Here are the personnel changes being bruited about in political and policy circles: First, remove Rahm Emanuel as chief of staff and move him to a senior political adviser slot. No one I’ve talked to believes he has the management skills and discipline to run the White House. But he is a terrific political mind and a fighter and should be given the new job and the time to do his thing. Proven pros who could step right in include the following: Erskine Bowles, president of the University of North Carolina and former Clinton chief of staff; Leon Panetta, now CIA director and formerly White House chief as well under Clinton; Sylvia Mathews, a former deputy chief of staff also under Clinton; and John Podesta, another former Clinton chief who now heads the Center for American Progress. All four are tough and know how to manage…
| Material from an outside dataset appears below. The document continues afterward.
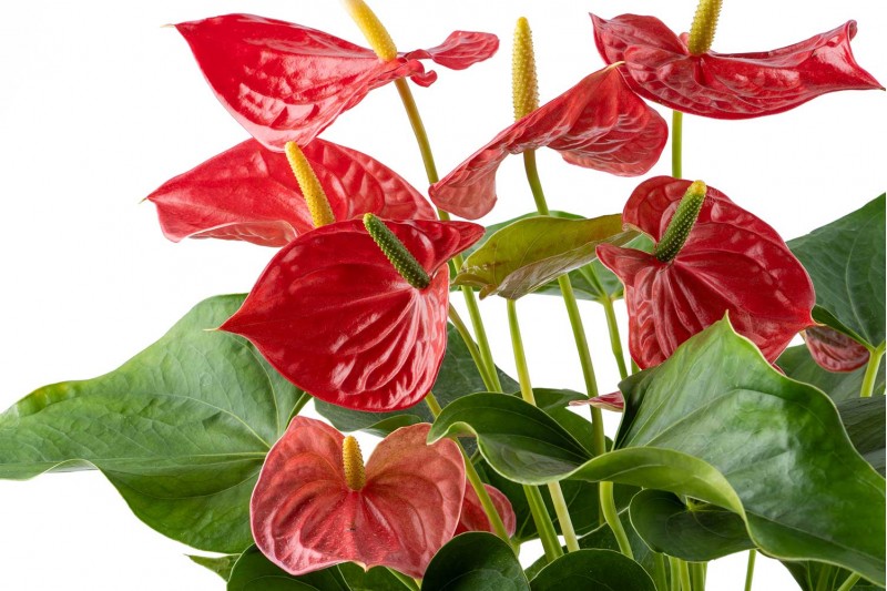 انتوريوم أو القماش المزيت ومن اسمائه ايضاً زهرة البشروس أو زهرة الغلام، وتتميز النبتة بأزهارها ذات الألوان الأبيض أو القرنفلي أو الأحمر الساطع،

Robert Gibbs needs a rest from being press secretary. Let’s put it this way: He wasn’t born for daily jousts with pithy Republicans. His job calls for memorable and pointed phrases and attacks, not circle-the-wagon circumlocutions. Possible successors? Try Doyle McManus of the L.A. Times, Jake Tapper of ABC News, or Helene Cooper of The New York Times.
Last but not least, James Jones, the National Security Adviser, has to move on. The career Marine was greatly admired and respected as Commandant of the Corps and as NATO’s military chief. He handled those duties with great skill. But by wide acclamation inside and outside the White House, he has not emerged as a strategist—perhaps the key requirement of this key position. The person in that job has to pull everything together—laying out achievable objectives and precise plans to dispense carefully packaged carrots and sticks. One Democrat who could step in now, despite his age, is Zbigniew Brzezinski, Jimmy Carter’s national-security adviser. He has a first-rate strategic mind—a rare quality—and knows how to deliver results. Obama will need to iron out Zbig’s lack of sympathy toward Israel and Russia.